Epigenetic regulation of sexual lineage development in plants

Lead Research Organisation: John Innes Centre
Department Name: Contracts Office

Abstract

In flowering plants, reproduction is carried out by two specialized cellular sexual lineages (SLs). SLs initiate as meiocytes, each producing four spores via meiosis; these spores then divide and differentiate into gametes and their companion cells. Although past studies have identified a network of genes required for SL function, the genes required for the initiation of SLs are few, and it is unknown how these few genes execute the massive shift of transcription repertoire in the transition between somatic and reproductive development.

My preliminary studies suggest that a SL-specific RNA-directed DNA methylation pathway (RdDM) promotes male SL development by regulating the expression of key reproductive and somatic genes, with mutations in this pathway causing meiotic defects. In this proposal I will investigate the mechanism by which male SL development is regulated by the SL-specific RdDM in the model plant Arabidopsis thaliana. First, I will use reverse genetics and Illumina sequencing to precisely determine the effect of RdDM on the SL-specific expression of genes in the 4 types of male SL cells, and will explore how RdDM regulates SL development through these genes by characterizing the functions of two novel candidate genes. Second, I will decipher the mechanism underlying SL-specific RdDM activity using a combination of genomic, forward genetic and developmental biology approaches to identify novel SL-specific proteins and non-coding RNAs that target RdDM.
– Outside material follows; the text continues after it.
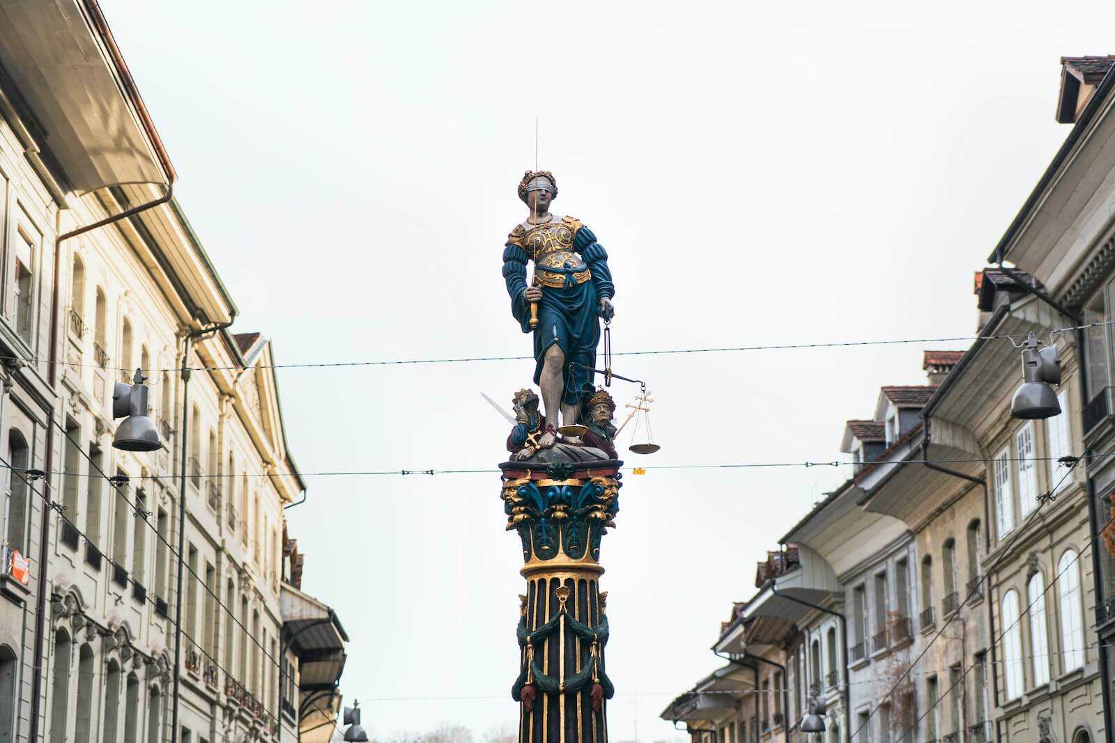 Фонтан построен в XVI веке. От подобных памятников старины «Юстиция» отличается тем, что выглядит сегодня как в день своего открытия. Точнее: после замены деревянных элементов на каменные. «Юстицию» никогда не переносили на другое место и не перестраивали в угоду новым политическим реалиям. Фонтан разрушали вандалы, после чего сооружение бернцы кропотливо восстанавливали по частям.
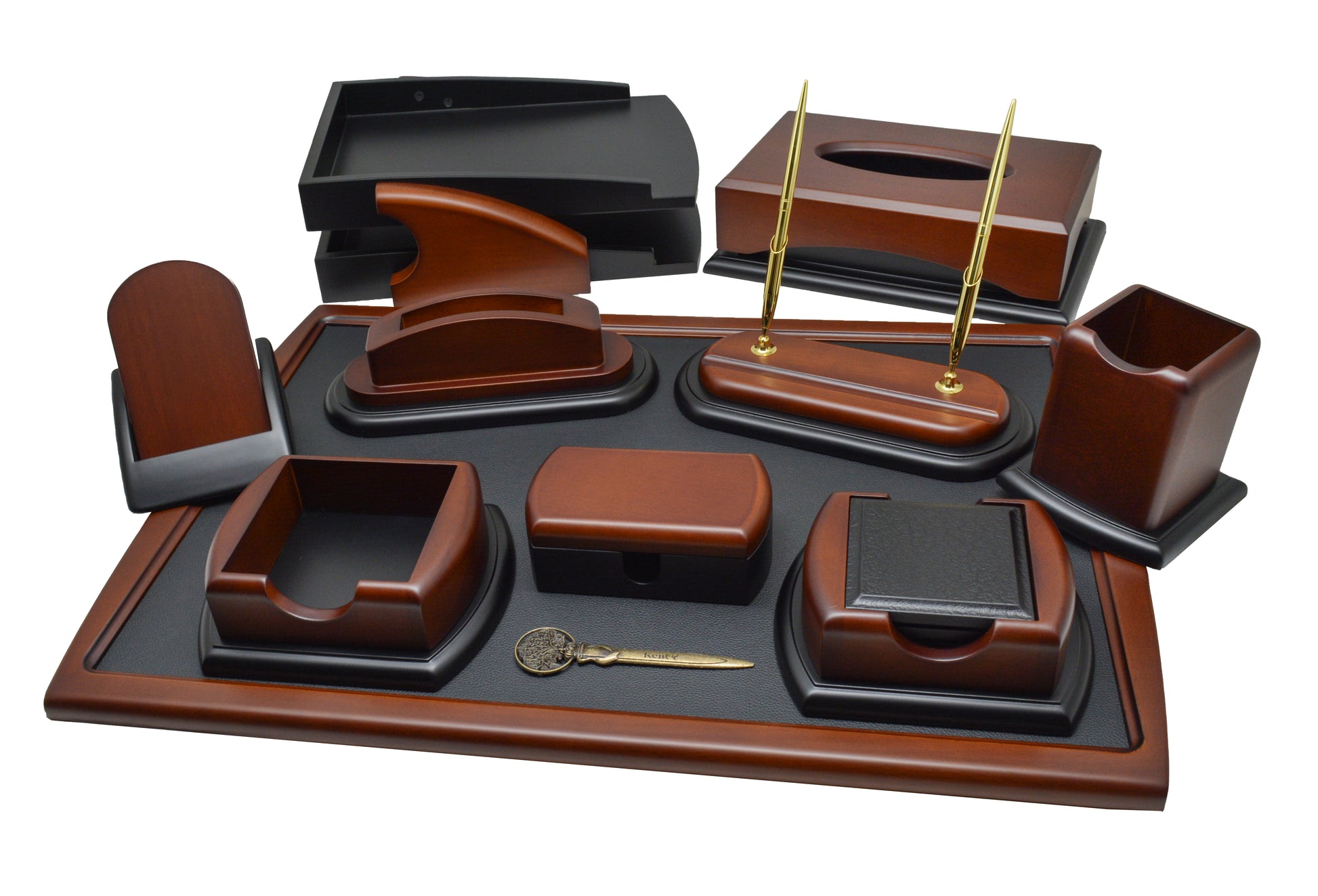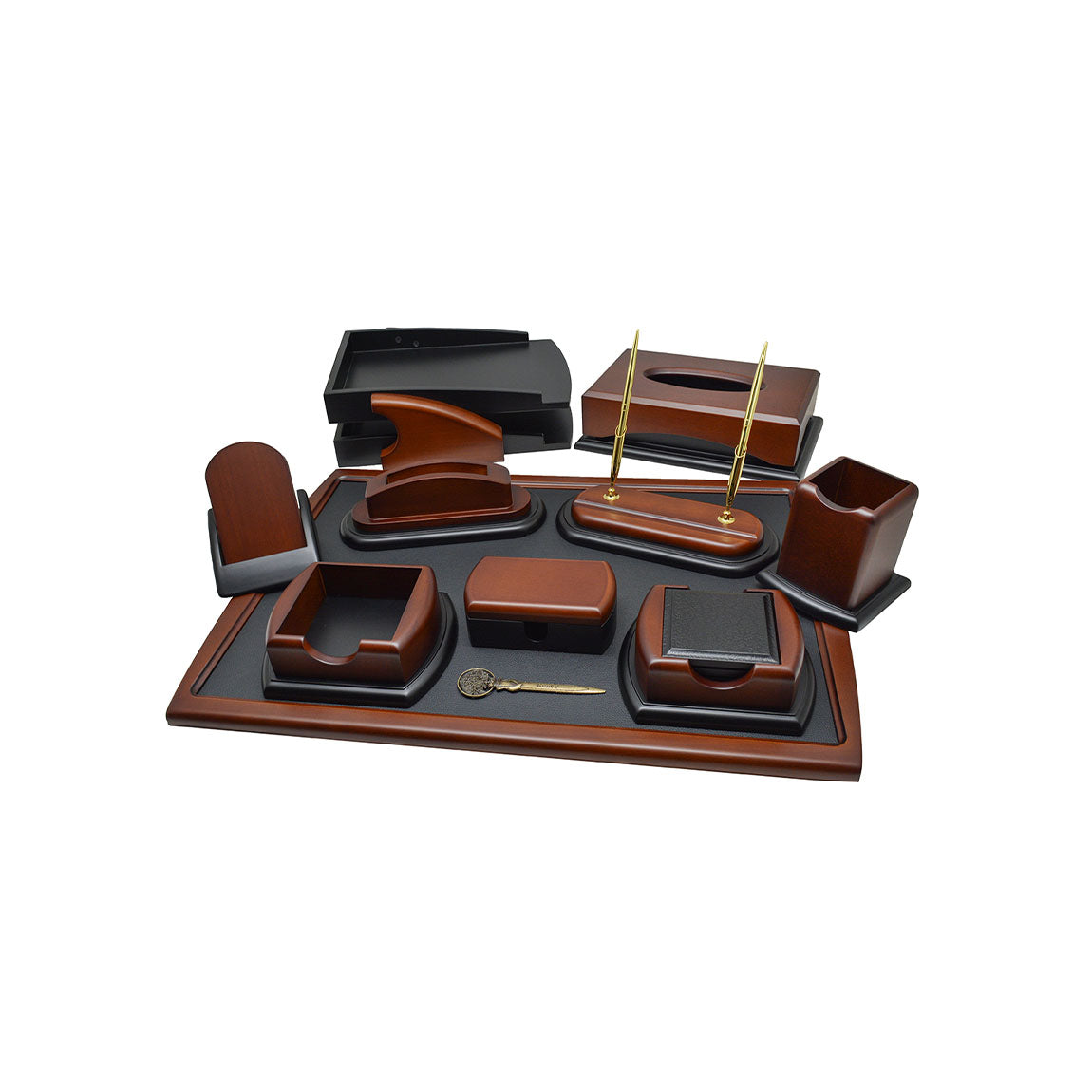 طقم مكتب لييندا (بني) - 12قطعة بالقلمين

My proposed research will lead to the discovery of novel genetic and epigenetic regulators of SL development and function, which can be exploited to improve crop yield. My work will also greatly expand our knowledge of epigenetic regulation of plant development, as it demonstrates, for the first time, how a DNA methylation mechanism is adapted by a specific lineage of cells to promote their biological function – a mode of regulation that will likely be relevant to developmental processes outside the SL.